→ **Required action**
Only the lines from the one containing "Если же вы будете" through the end of the data are wanted, reproduced exactly and without pictures.

Provided material Start Marker

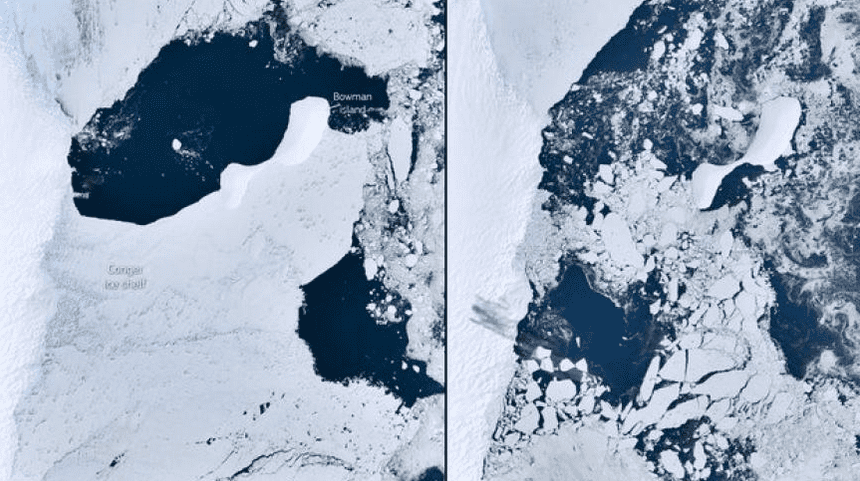 O artigo acrescenta que, embora nem tudo o que acontece na natureza se deva apenas ao aquecimento global, o colapso da plataforma de gelo de Conger, entre outros, é a continuação de uma “tendência preocupante”.
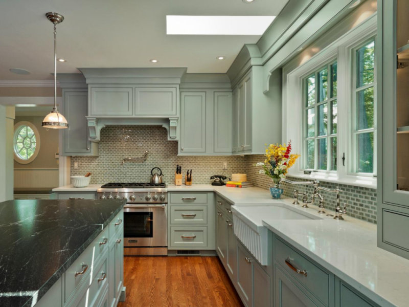 Если же вы будете формировать акценты на мебели, поверхности следует перекрасить в светло-голубой или насыщенный оттенок. Фасады можно оформить декоративной резьбой или вставками из стекла. Столешницы такого гарнитура могут быть выполнены в другом цвете или из другого материала.
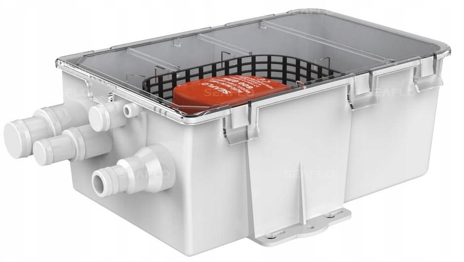 Seaflo SFBP1-G750-07 — это отстойник для откачки сточных вод, который позволяет собирать воду из трех разных источников, например, из душа и двух умывальников. Поступающая в колодец вода отводится наружу благодаря встроенному трюмному насосу производительностью 48 литров в минуту, который включается автоматически при появлении воды в колодце и отключается после откачки лишней воды. Насос оснащен обратным клапаном, который предотвращает попадание воды обратно в поддон. Внутри поддона также имеется специальная сетка, защищающая насос от крупных загрязнений. Открутив верхнюю крышку, решетку можно почистить и установить на место. Лоз изготовлен из прочного АБС-пластика, прост в установке и использовании. Используется на яхтах, в кемперах и караванах.

Provided material End Marker

→ **Completed exercise**
 Если же вы будете формировать акценты на мебели, поверхности следует перекрасить в светло-голубой или насыщенный оттенок. Фасады можно оформить декоративной резьбой или вставками из стекла. Столешницы такого гарнитура могут быть выполнены в другом цвете или из другого материала.
 Seaflo SFBP1-G750-07 — это отстойник для откачки сточных вод, который позволяет собирать воду из трех разных источников, например, из душа и двух умывальников. Поступающая в колодец вода отводится наружу благодаря встроенному трюмному насосу производительностью 48 литров в минуту, который включается автоматически при появлении воды в колодце и отключается после откачки лишней воды. Насос оснащен обратным клапаном, который предотвращает попадание воды обратно в поддон. Внутри поддона также имеется специальная сетка, защищающая насос от крупных загрязнений. Открутив верхнюю крышку, решетку можно почистить и установить на место. Лоз изготовлен из прочного АБС-пластика, прост в установке и использовании. Используется на яхтах, в кемперах и караванах.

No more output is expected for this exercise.